About this exercise: Could you give the data below again exactly, apart from the pictures?

Recorded information Start Marker

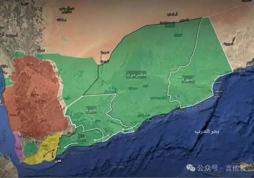 黄色是STC,褐色是胡塞,绿色是也门政府,原本中部地区已经全黄,但短短几天,黄色就只剩下西南部一小块,变化之快,令人反应不过来。
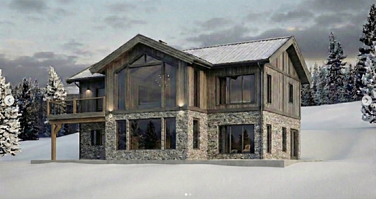 a cozy mountain chalet surrounded by a winter wonderland the house features rustic wooden textures in deep brown hues with stone accents in soft gray creating a warm inviting atmosphere large windows reflect the serene snowy landscape the roof is metallic gray complementing the natural colors snow covered trees stand tall around the house their branches laden with pristine white snow the overcast sky is painted in gentle shades of gray and light blue adding a tranquil serene mood to the scene
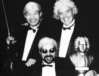 Below, clockwise: Will Nichols, at right, is pictured with Wei Tsun Chang and Anthony Patterson, promoting the concert "Basically Bach," in 1996. Nichols is pictured at his final performance leading the Alma College Choirs, the 2023 Festival of Carols. Nichols is pictured with Brendan Lodge following commencement in 2014.
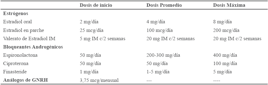 La evaluación endocrinológica implica una buena anamnesis, con antecedentes patológicos y familiares, hábitos psicobiológicos y toxicológicos, examen físico completo y paraclínicos, que incluyan perfil metabólico y hormonal (evaluación del eje hipotálamo-hipofisis-gonadal). El endocrinólogo tiene un papel determinante en el régimen farmacológico antes y después del procedimiento quirúrgico, siempre y cuando el paciente cumpla con una serie de requisitos como ser mayor de edad, conocimiento de los efectos adversos de la terapia hormonal, experiencia de vida real con sexo decidido por lo menos 3 meses y salud mental estable5,6. La transición médica consiste en el uso de terapia hormonal para inducir características sexuales secundarios que afirmen el fenotipo deseado, al mismo tiempo que supriman los niveles hormonales endógenos del individuo. Para transexuales masculinos usualmente se requiere el uso de testosterona mientras que en transexuales femeninas son típicamente usadas combinaciones de estrógenos con bloqueantes androgénicos o análogos de GnRH7,8.

Recorded information End Marker

Task output:
 黄色是STC,褐色是胡塞,绿色是也门政府,原本中部地区已经全黄,但短短几天,黄色就只剩下西南部一小块,变化之快,令人反应不过来。
 a cozy mountain chalet surrounded by a winter wonderland the house features rustic wooden textures in deep brown hues with stone accents in soft gray creating a warm inviting atmosphere large windows reflect the serene snowy landscape the roof is metallic gray complementing the natural colors snow covered trees stand tall around the house their branches laden with pristine white snow the overcast sky is painted in gentle shades of gray and light blue adding a tranquil serene mood to the scene
 Below, clockwise: Will Nichols, at right, is pictured with Wei Tsun Chang and Anthony Patterson, promoting the concert "Basically Bach," in 1996. Nichols is pictured at his final performance leading the Alma College Choirs, the 2023 Festival of Carols. Nichols is pictured with Brendan Lodge following commencement in 2014.
 La evaluación endocrinológica implica una buena anamnesis, con antecedentes patológicos y familiares, hábitos psicobiológicos y toxicológicos, examen físico completo y paraclínicos, que incluyan perfil metabólico y hormonal (evaluación del eje hipotálamo-hipofisis-gonadal). El endocrinólogo tiene un papel determinante en el régimen farmacológico antes y después del procedimiento quirúrgico, siempre y cuando el paciente cumpla con una serie de requisitos como ser mayor de edad, conocimiento de los efectos adversos de la terapia hormonal, experiencia de vida real con sexo decidido por lo menos 3 meses y salud mental estable5,6. La transición médica consiste en el uso de terapia hormonal para inducir características sexuales secundarios que afirmen el fenotipo deseado, al mismo tiempo que supriman los niveles hormonales endógenos del individuo. Para transexuales masculinos usualmente se requiere el uso de testosterona mientras que en transexuales femeninas son típicamente usadas combinaciones de estrógenos con bloqueantes androgénicos o análogos de GnRH7,8.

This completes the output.